Been thinkin bout givin this a go my self how many ya taking ant


----------



## anabolic ant (Jun 5, 2008)

taking only the recommended amount of 4/day...i thjink its a good buy,worth he doe!!!


----------



## Mr Skinny (Nov 2, 2009)

cool cant decide over that or sci fit kre alkalyn 1500. can get the later cheap £18 delivered 2 month supply though an thats like 25 for 1 month. prob end up tryin em both at some point. good to here ya aint gettin bloat i hav that prob on some


----------



## JokaJJayy (May 9, 2009)

Just finished the last 4 couple days ago, definately seen an improvement while taking 'em.

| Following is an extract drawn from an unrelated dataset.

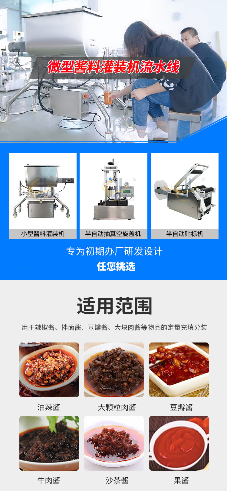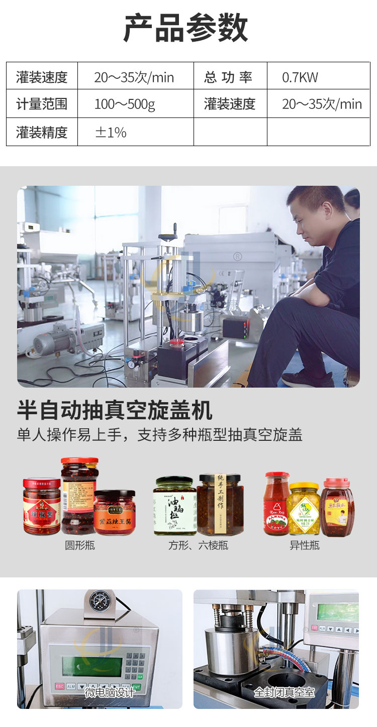 小型醬料灌裝生產(chǎn)線又名醬料灌裝三劍客,由半自動醬料灌裝機+半自動真空旋蓋機+半自動圓瓶貼標機組合而成。該灌裝機適用于辣椒醬、豆瓣醬、大塊肉醬等物品的定量充填分裝。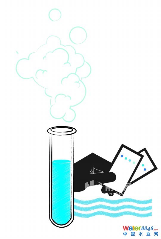 檢測PH值,試驗人員在兩份水樣中加入測試劑,然后通過水樣變化的顏色,與標(biāo)準(zhǔn)色進行對比,在試驗人員的桌上,裝著不同顏色的標(biāo)準(zhǔn)比色系列試管,水的顏色從紅色到藍色,分別代表從低到高的PH值,其中數(shù)值越低,表示水質(zhì)酸性越大,數(shù)值越高,水質(zhì)堿性越大。

But now looking for something to take before going back on them.


----------



## anabolic ant (Jun 5, 2008)

Mr Skinny said:


> cool cant decide over that or sci fit kre alkalyn 1500. can get the later cheap £18 delivered 2 month supply though an thats like 25 for 1 month. prob end up tryin em both at some point. good to here ya aint gettin bloat i hav that prob on some


i prefer tabs rather than capsules for some unknown reason,must of been my youth:innocent:...

guess if you are getting from a reputable company,then its not gonna be pooh either way:thumb:!!!!



JokaJJayy said:


> Just finished the last 4 couple days ago, definately seen an improvement while taking 'em.
> 
> But now looking for something to take before going back on them.


try the beta alinine,bloody brillaint stuff,love it...


----------



## JokaJJayy (May 9, 2009)

anabolic ant said:


> try the beta alinine,bloody brillaint stuff,love it...


I'll look into thanks, but would you reccommend starting this straight away or give it a couple weeks since I only just finished the creatine x4?


----------



## anabolic ant (Jun 5, 2008)

creatine as far as i know,and i've had friends do research on it when i was at uni...is pretty safe to take all year round,but breaks are preferable!!!

as long as megadoses are not being administered...

good idea,but you can combine it with your creatine...great combo!!!

or take a break and come back on both o even another supp in addition!!!


----------